TASK BRIEF:
In how many lines of these records does the word "that" appear? Give the number by itself.

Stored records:
╔══

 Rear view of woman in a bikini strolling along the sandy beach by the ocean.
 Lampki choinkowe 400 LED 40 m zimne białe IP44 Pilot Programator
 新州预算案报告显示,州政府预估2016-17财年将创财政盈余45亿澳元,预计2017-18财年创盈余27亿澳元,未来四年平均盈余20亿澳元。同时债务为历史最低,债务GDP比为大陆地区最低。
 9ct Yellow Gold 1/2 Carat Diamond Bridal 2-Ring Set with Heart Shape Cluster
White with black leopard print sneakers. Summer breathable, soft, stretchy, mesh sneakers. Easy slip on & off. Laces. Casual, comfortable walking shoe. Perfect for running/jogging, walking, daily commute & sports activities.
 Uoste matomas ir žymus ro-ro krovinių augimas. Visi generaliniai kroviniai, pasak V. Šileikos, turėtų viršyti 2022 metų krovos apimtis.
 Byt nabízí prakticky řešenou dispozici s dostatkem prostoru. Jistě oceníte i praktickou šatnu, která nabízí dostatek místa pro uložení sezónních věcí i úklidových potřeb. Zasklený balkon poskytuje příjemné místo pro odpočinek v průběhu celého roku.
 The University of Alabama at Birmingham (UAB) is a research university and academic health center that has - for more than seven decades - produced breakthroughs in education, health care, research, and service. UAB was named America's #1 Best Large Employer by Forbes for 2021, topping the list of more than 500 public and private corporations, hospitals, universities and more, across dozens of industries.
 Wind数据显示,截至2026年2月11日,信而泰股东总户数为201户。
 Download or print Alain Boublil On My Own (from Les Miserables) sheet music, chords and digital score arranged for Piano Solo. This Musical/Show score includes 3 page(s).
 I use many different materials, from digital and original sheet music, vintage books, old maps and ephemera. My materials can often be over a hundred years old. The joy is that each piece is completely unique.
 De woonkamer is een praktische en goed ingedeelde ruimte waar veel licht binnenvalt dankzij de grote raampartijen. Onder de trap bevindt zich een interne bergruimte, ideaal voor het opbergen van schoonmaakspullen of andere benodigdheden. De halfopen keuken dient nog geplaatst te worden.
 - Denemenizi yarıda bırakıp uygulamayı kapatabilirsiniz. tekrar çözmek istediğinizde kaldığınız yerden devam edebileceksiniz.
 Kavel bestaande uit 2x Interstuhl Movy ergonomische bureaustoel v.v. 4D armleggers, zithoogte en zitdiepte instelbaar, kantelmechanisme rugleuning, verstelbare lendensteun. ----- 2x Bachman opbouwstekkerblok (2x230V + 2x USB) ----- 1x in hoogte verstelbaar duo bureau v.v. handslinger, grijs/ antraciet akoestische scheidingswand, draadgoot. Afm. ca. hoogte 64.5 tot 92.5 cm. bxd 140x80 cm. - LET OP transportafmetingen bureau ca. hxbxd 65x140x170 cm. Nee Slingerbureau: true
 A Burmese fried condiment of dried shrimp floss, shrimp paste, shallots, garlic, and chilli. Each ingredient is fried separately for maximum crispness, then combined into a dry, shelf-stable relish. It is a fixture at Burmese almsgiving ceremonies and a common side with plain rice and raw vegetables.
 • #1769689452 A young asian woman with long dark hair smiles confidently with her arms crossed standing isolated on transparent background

╚══

EXERCISE OUTPUT:
2